Showing posts with label propaganda. Show all posts
Showing posts with label propaganda. Show all posts

Wednesday, 7 May 2025

Why Is “It was part of the system and the culture of the time” Shocking, When It’s Simple Fact?

'It' being the treatment of unwed mothers by the church in Ireland.
While public expression by the state of its culpability has been explicit and categorical, the remorse expressed on the religious side has been less clear-cut. Past statements from the orders involved such as “with deep regret … we acknowledge that there are women who did not experience our refuge as a place of protection and care” and “it is regrettable that the Magdalene homes had to exist at all” lack a certain tone of regret, shall we say. The Good Shepherd Sisters, as they are now known, have made particularly impressive use of grammatical gymnastics over the years (“We sincerely regret that women could have experienced hurt and hardship”). Perhaps most shocking was this: “It was part of the system and the culture of the time.”

It's a simple statement of fact - it's only 'shocking' to modern sensibilities. Back when this was happening pretty nearly everyone agreed with the attitude towards sex and childbith out of wedlock. 

Nothing from the nuns, or the Catholic church, has really come close to expressing true remorse. A “definitive” apology in 2021 from Eamon Martin, Ireland’s most senior church figure, was worded thus: “I accept that the church was clearly part of that culture in which people were frequently stigmatised, judged and rejected. For that, and for the longlasting hurt and emotional distress that has resulted, I unreservedly apologise.” Yet the church wasn’t just part of that culture. It was the culture, saturating every aspect of life in Ireland, shaping public attitudes towards women and their babies, encouraging their shaming and ostracising. Some campaigners have called for church assets to be seized unless the institution contributes to a state-run redress scheme.

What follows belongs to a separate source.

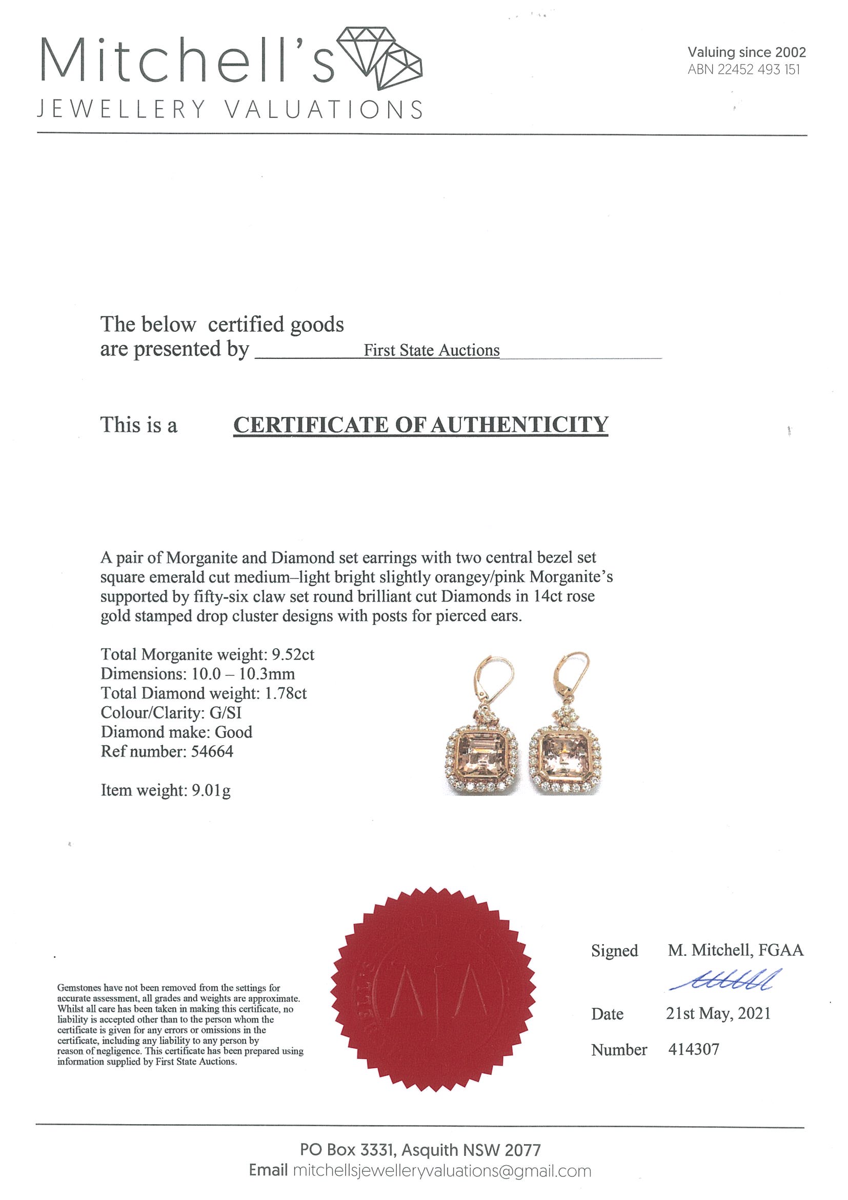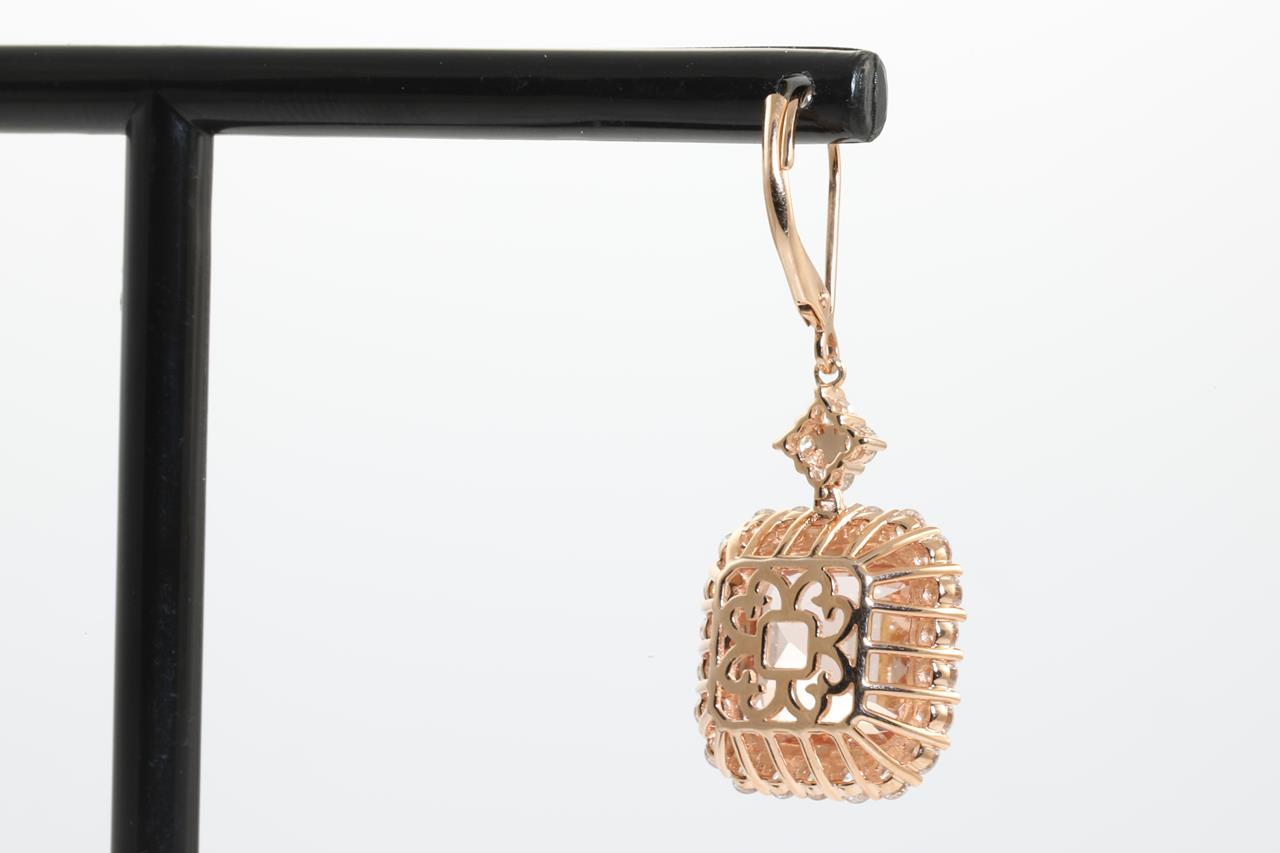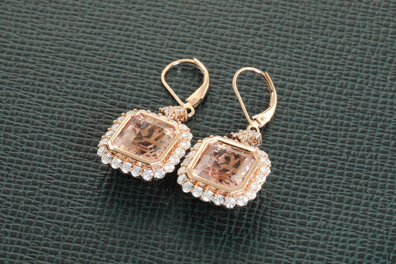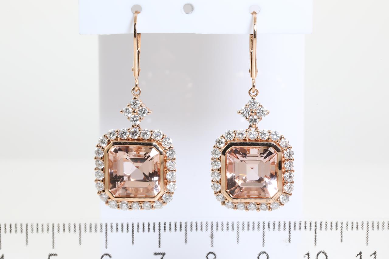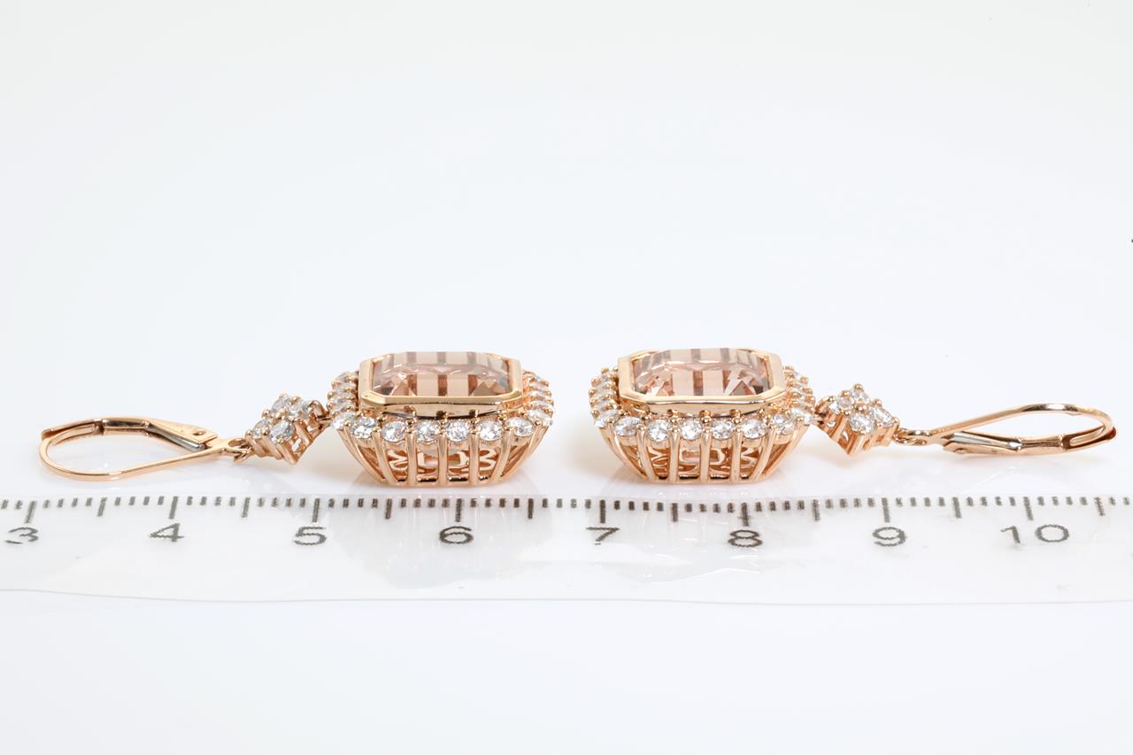 Morganite and Diamond earrings with emerald cut Morganites totalling 9.52cts and Diamonds totalling 1.78cts (Estimated grading: G SI). 14ct rose gold. With certificate #414307. Weight: 9g. (New)

So, if not for the church, everyone would have been just fine with women sleeping around and dropping litters like stray cats? I really don't think Ireland would have looked like a colder, wetter San Francisco, love.  

I was too young when I saw in 2002 The Magdalene Sisters, a drama which gave me a lifelong aversion to Irish nuns, so repugnant and sadistic was their behaviour towards the vulnerable women in their control.

Wow! Wait until you get to watch 'Adolescence'!  

Friday, 7 February 2025

If ‘More Government Propaganda!’ Is The Answer…

...then you're almost certainly asking the wrong question.
On 4 August 2024, the riots and disturbances that followed the killing of three children in Southport, on Merseyside, spread even further. That day, in the midst of a seething mess of far-right misinformation and rumour-mongering, the violence hit Rotherham – where people tried to set fire to a hotel housing asylum-seekers – as well as Middlesbrough and Bolton. Serving notice of his new interest in UK affairs, Elon Musk posted a picture of violence in Liverpool on X with a characteristically measured caption: “Civil war is inevitable.” And 24 hours later, the wave of unrest reached the city of Plymouth.
Where could the city’s 260,000 residents turn for reliable information?

Social media? Yup! 

As ever, as people’s social media feeds brimmed with untruths and provocations, more traditional outlets were an obvious choice. But if you tuned into the local BBC radio station while the riot was happening, you might easily have had no idea about any of it. BBC Radio Devon carried a report about the violence in its 6 o’clock news, but at 7pm and 9pm, Plymouth received no mention at all.

Welp, there you go. If there's a vacuum, something is bound to fill it.  

We now know all this thanks to the BBC’s response to a complaint made by David Lloyd, a radio veteran who has worked for both the corporation and commercial stations. The relevant official document, written by the corporation’s complaints director, is quite a read: it includes an admission that “there was little evidence of the BBC having a presence on the scene”, something partly connected to “several logistical problems” on the day in question, including “the availability of journalists who had the required riot training”, as well as “technical issues with broadcasting kit”.

What does all that mean? 'Journalists' who no longer go out chasing stories, perhaps, who are content to sit in a warm office, and farm social media for their 'scoops'?  

Even online, where the modern corporation insists it must focus a lot of its efforts, there was no dedicated live coverage of the Plymouth riot – nor, the report suggests, enough updates posted on the big social media platforms. On the latter score, “more would have been done, had it not been for staff leave”.

Once, journalists would have come in regardless if there was something interesting happening. It was how they made names for themselves. 

Something happens, but what do people read or hear about it? Either nothing at all, or some awful version of it plucked by a foreign billionaire from the fringes of the internet or algorithmically amplified, to the point that questions of truth or falsehood fall away, and a mendacious story creates its own shockwaves. If that is the kind of future we should all be striving to avoid, local reporting ought to be our first antidote.

And yet, no-one’s doing it. Times have changed.